While Microsoft has years of experience with presence, IM and web conferencing, its telephony offering isn’t quite ready for out-of-the-box deployment. As my colleague Sharifah Amirah points out in a recent analyst commentary, for OCS integration, PBXs must natively support Microsoft’s SIP specifications and IP media in a format that is interoperable with Microsoft Enterprise Voice, or via a mediation server or gateway. Features such as call forwarding must be enabled separately on both the MOC and on the desk phone, and certain features (conferencing, UM capabilities, voice mail) aren’t transparent between the two. There are further limitations to VoIP telephony as currently offered through OCS. More troublingly, there is no option for native survivability; remote call control is currently disabled in OCS; and because the server doesn’t reveal user location, it can’t support emergency services.
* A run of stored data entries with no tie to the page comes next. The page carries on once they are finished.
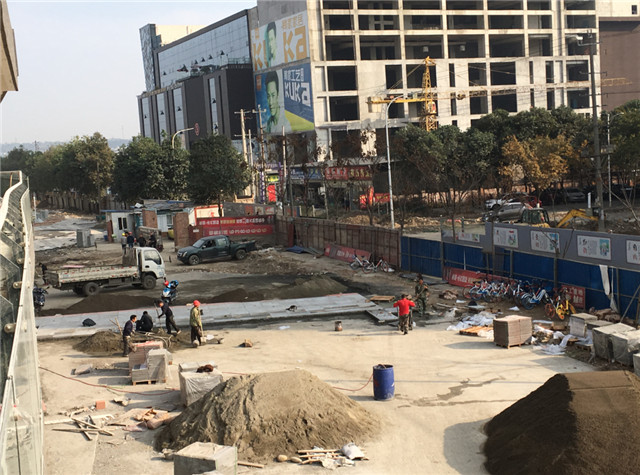 7、室外附屬:居然之家主入口室外附屬全部完成;時尚百貨及弘光路一側廣場大面積石材鋪貼完成,8#、9#樓一側室外鋪裝區(qū)域混凝土墊層已澆筑,正在做石材面層粘貼。居然之家四層屋面鋪裝及綠化施工完畢。A、B區(qū)中間市政道路正在進行開挖、埋管施工中。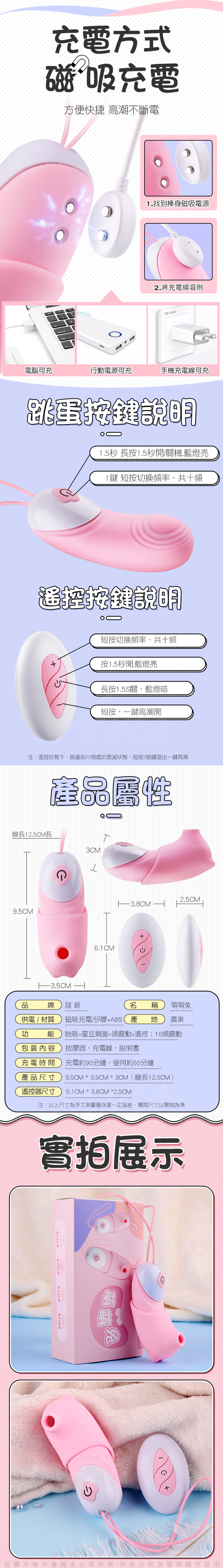 品名:萌萌兔 10段變頻蜜豆吮吸 無線遙控震動跳蛋-(附吸吮頭套)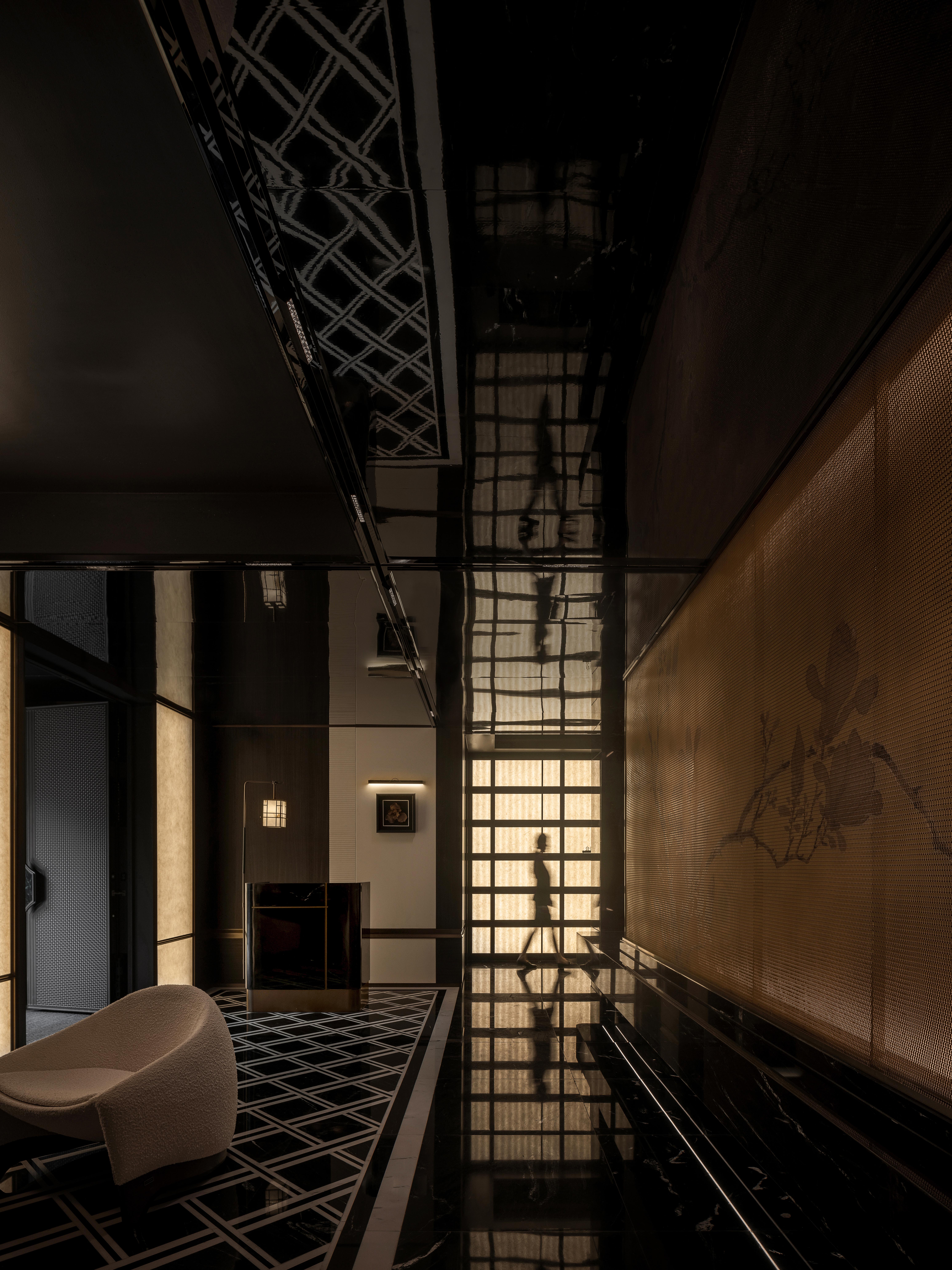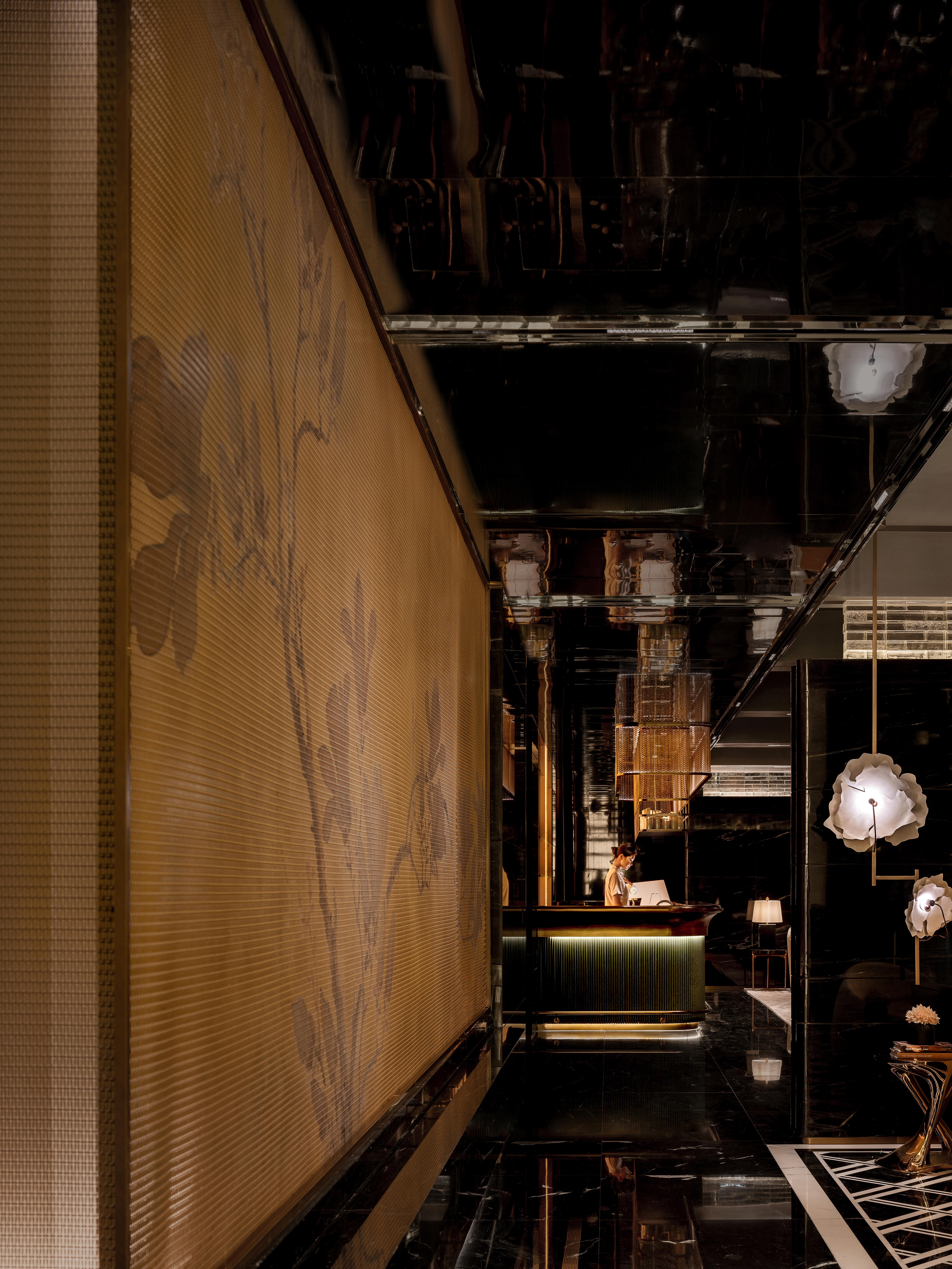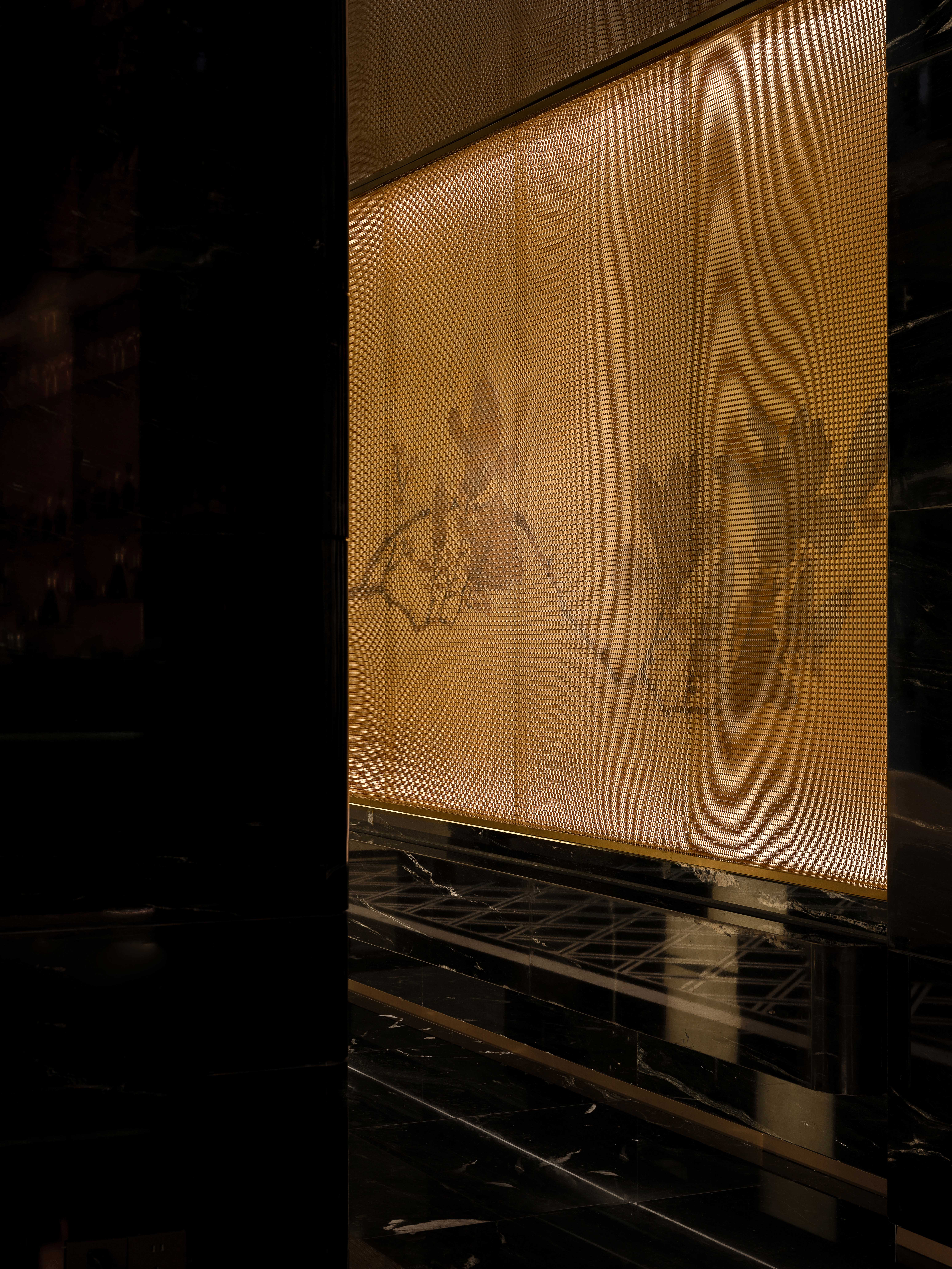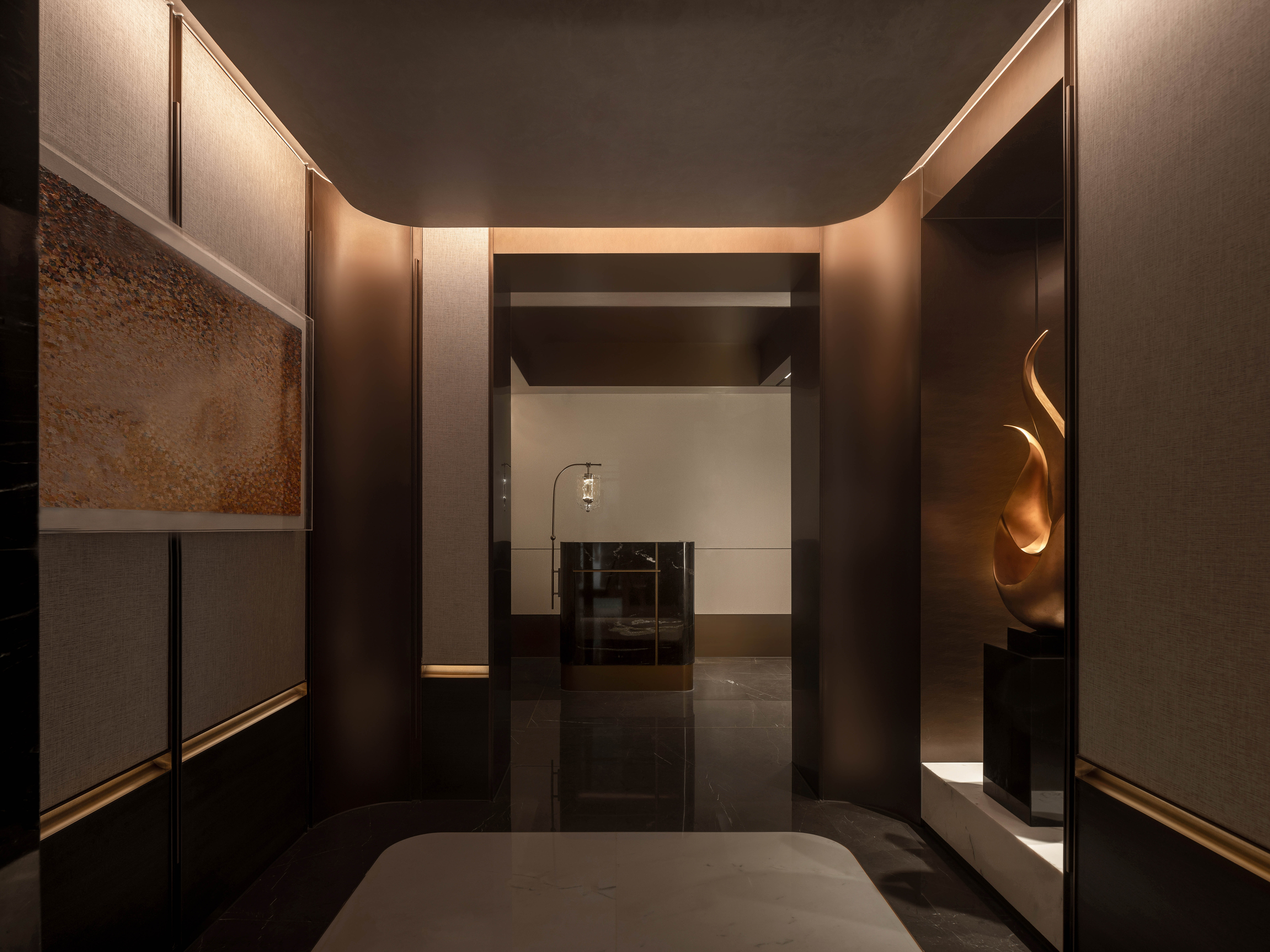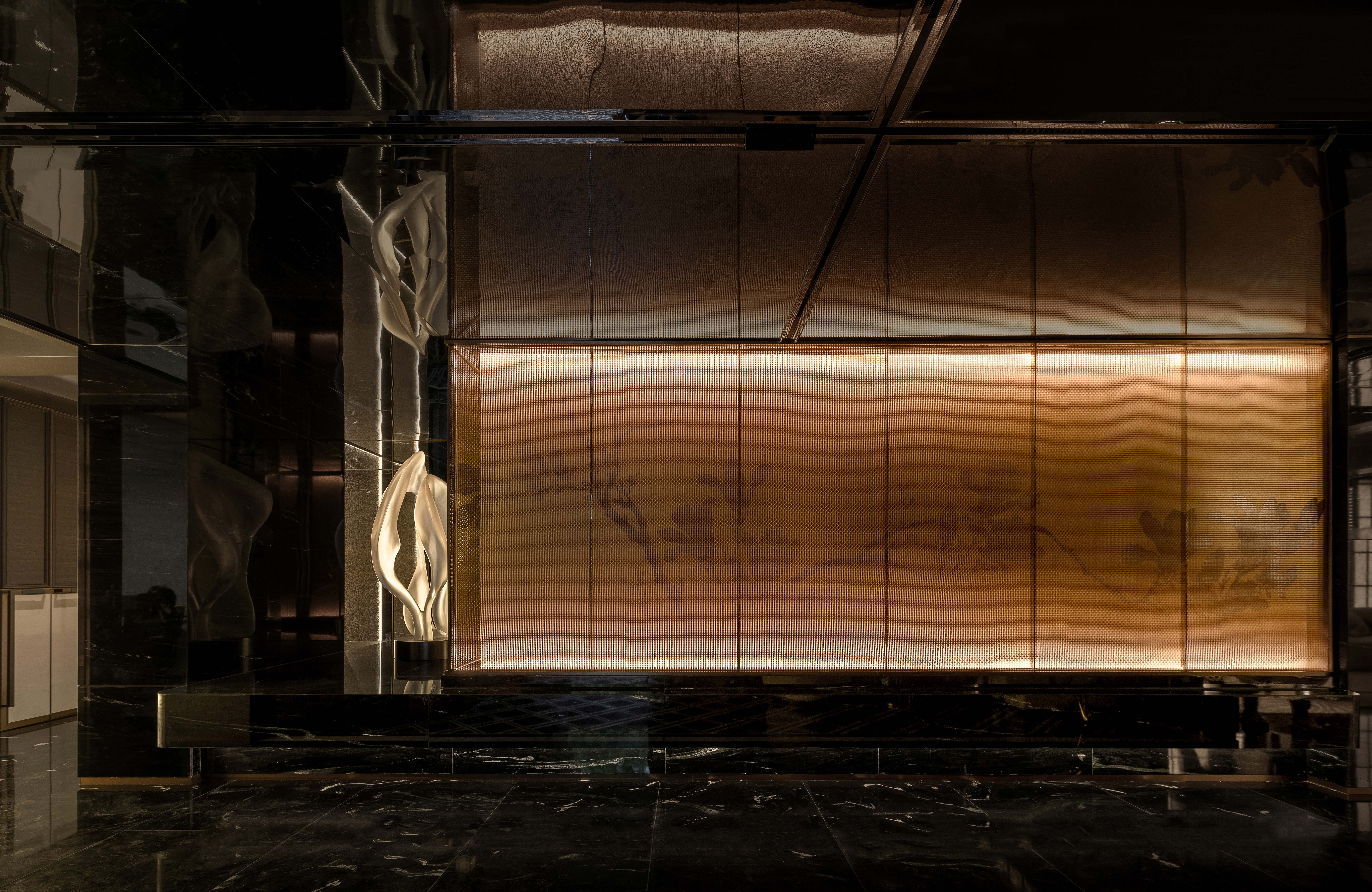 空间意境:设计师以情景化设计手法,将玉兰之美糅于场景空间,取意形、色、意、境、韵,将玉兰融于金属、墙壁、文化走廊及艺术品的运用,张弛有度,编制成一曲精致又创新的视觉交响。在保留老上海的复古海派格调的基础上,设计师创新当代上海国际化都市的艺术属性,做到传承,转译,再创新,来呼应历史文脉,复兴海派城市记忆,塑新城市空间。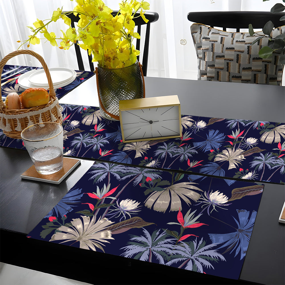 Denim Blue & Purple Palm Trees Pattern | Table Runner and Placemat Set

All of which may not matter in the long run, since I don’t expect mid-size and large enterprises to embrace Microsoft telephony any time soon, if ever. Instead, expect to see companies deploy presence, chat, conferencing and social networking tools from their messaging vendor of choice (Microsoft or IBM), and integrate that application with voice from their preferred telephony vendor (Avaya, Cisco, et. al.).
Microsoft also announced a slew of partnerships and support for OCS, as well as the fact that it has more than 130 customers for OCS and MOC. The company, however, won’t reveal how many licenses those customers have purchased. The vendor does point out that more than 200,000 people have downloaded the software from the Internet, but of course it doesn’t know what they’ve actually done with it. Its largest customer, Royal Dutch Shell, is estimated to have purchased—or eventually purchase—about 300,000 seats of OCS and Nortel telephony products, but that deployment will take years, not months, to be completed. Which is about the same timeline we can expect other companies to follow when it comes to UC adoption: years, not months.
Bottom line: Microsoft’s marketing is good for the industry and its own cause—but it won’t speed adoption rates any time soon.